Locally, the Chesapeake Bay ecosystem is at particular risk from this warming phenomenon. A study by the National Wildlife Federation examined the effects on the Bay of a sea level rise of about two feet, less than half of what Dr. Hansen predicts.  Maps accompanying the report show a shoreline that by 2051 is significantly eroded, and by 2100 is, in some areas, largely unrecognizable.  By the end of the century, ocean beaches are predicted to decline by 58 percent and estuarine beaches by 69 percent. Widespread shifts in ecosystem composition and the regional food web will place hundreds of species of fish, invertebrates, birds, and other animals in danger. The effect on homes and businesses in coastal communities would be devastating.  

Twenty years have passed since Dr. Hansen first testified before Congress on global warming, warning that the Earth had entered a long-term warming trend and that human-made greenhouse gases were responsible.  Dr. Hansen now tells us that the safe level of atmospheric carbon dioxide is no more than 350 parts per million and may be less.  The current level is 385 ppm and rising about 2 ppm per year.  He warns that a level of no more than 350 ppm is still feasible, but just barely – time is running out. 
 
Maybe EPA is correct that regulation under the Clean Air Act is not the best approach to addressing climate change. But what alternatives are the Agency tasked with protecting the environment offering?  What is needed from the President and his environmental experts is leadership, not contorted efforts to delay action while accommodating the profit motives of the corporations benefiting from the status quo.  It has been 31 years since President Carter showed such leadership in a speech urging Americans to stop wastefully consuming energy and plundering the environment in search of declining supplies of oil and natural gas, and to accept the challenge of investing in alternative energy sources.

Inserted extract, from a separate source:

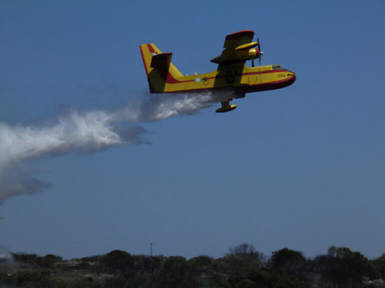 Σύμφωνα με πληροφορίες η φωτιά βρίσκεται ανάμεσα στο Λαγονήσι και στα Καλύβια, και προς το παρόν καίει χαμηλή βλάστηση και λίγα πεύκα.
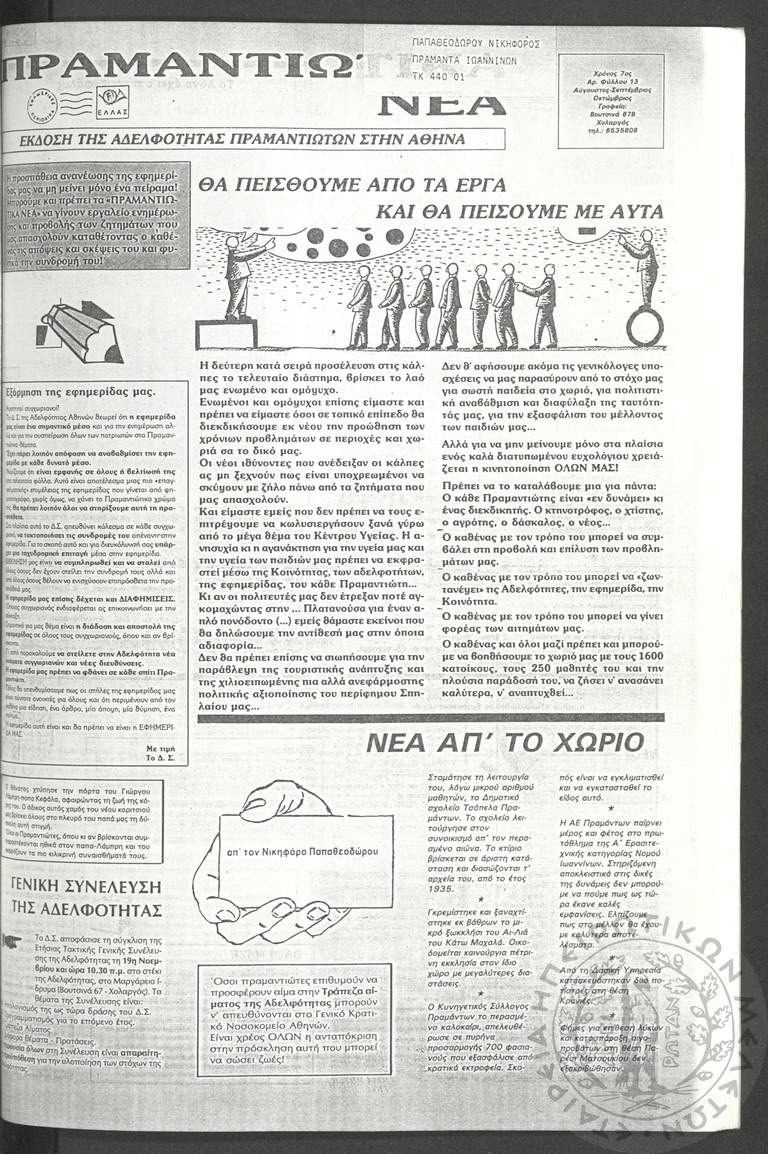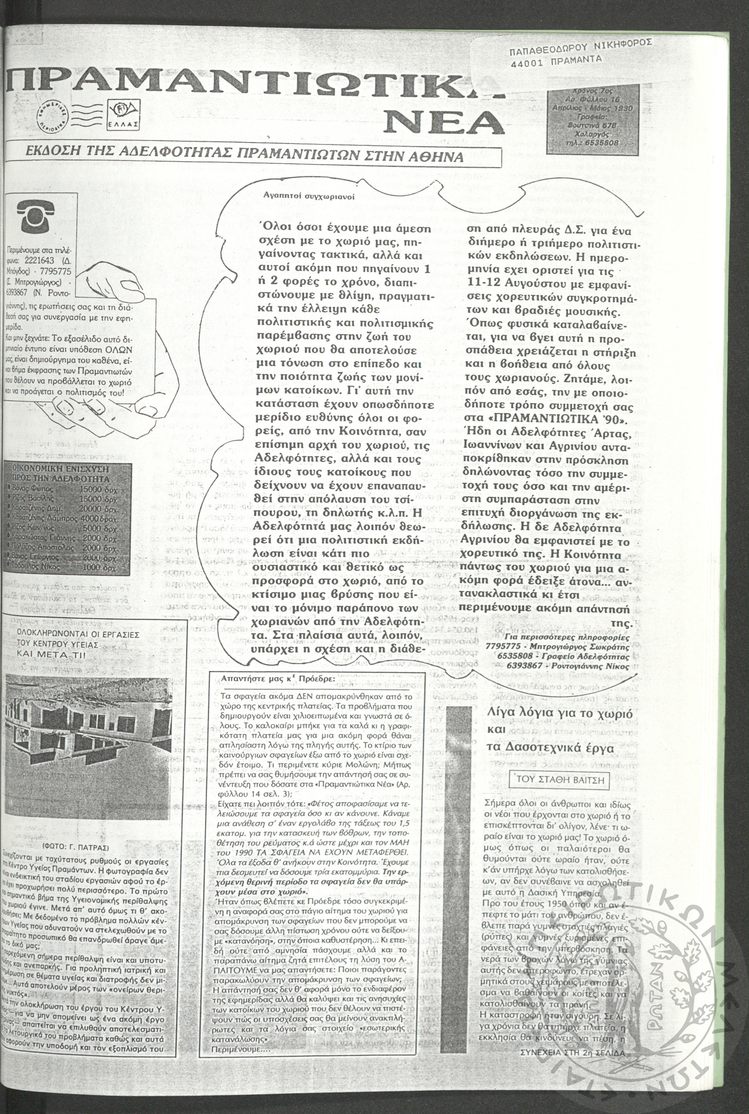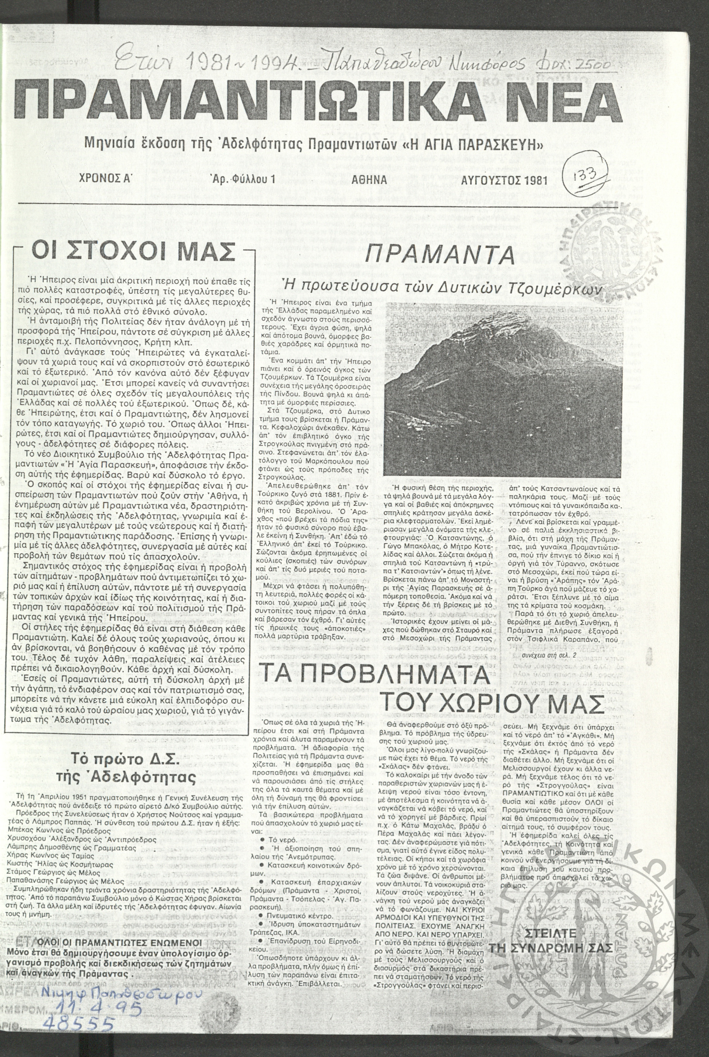 Πραμαντιώτικα Νέα: μηνιαία έκδοση της Αδελφότητας Πραμαντιωτών "Η Αγία Παρασκευή", 1981, φ. 1Έτος Α΄, αρ. φ. 1...

Vice President Gore now estimates the cost of transforming the nation to clean electricity sources at $1.5 trillion to $3 trillion in public and private money over the course of 30 years.  “This is an investment that will pay itself back many times over,” he says.  “It’s an expensive investment but not compared to the rising cost of continuing to invest in fossil fuels.”  It is certainly a better investment than the estimated $3 trillion we will spend all told on the Iraq war.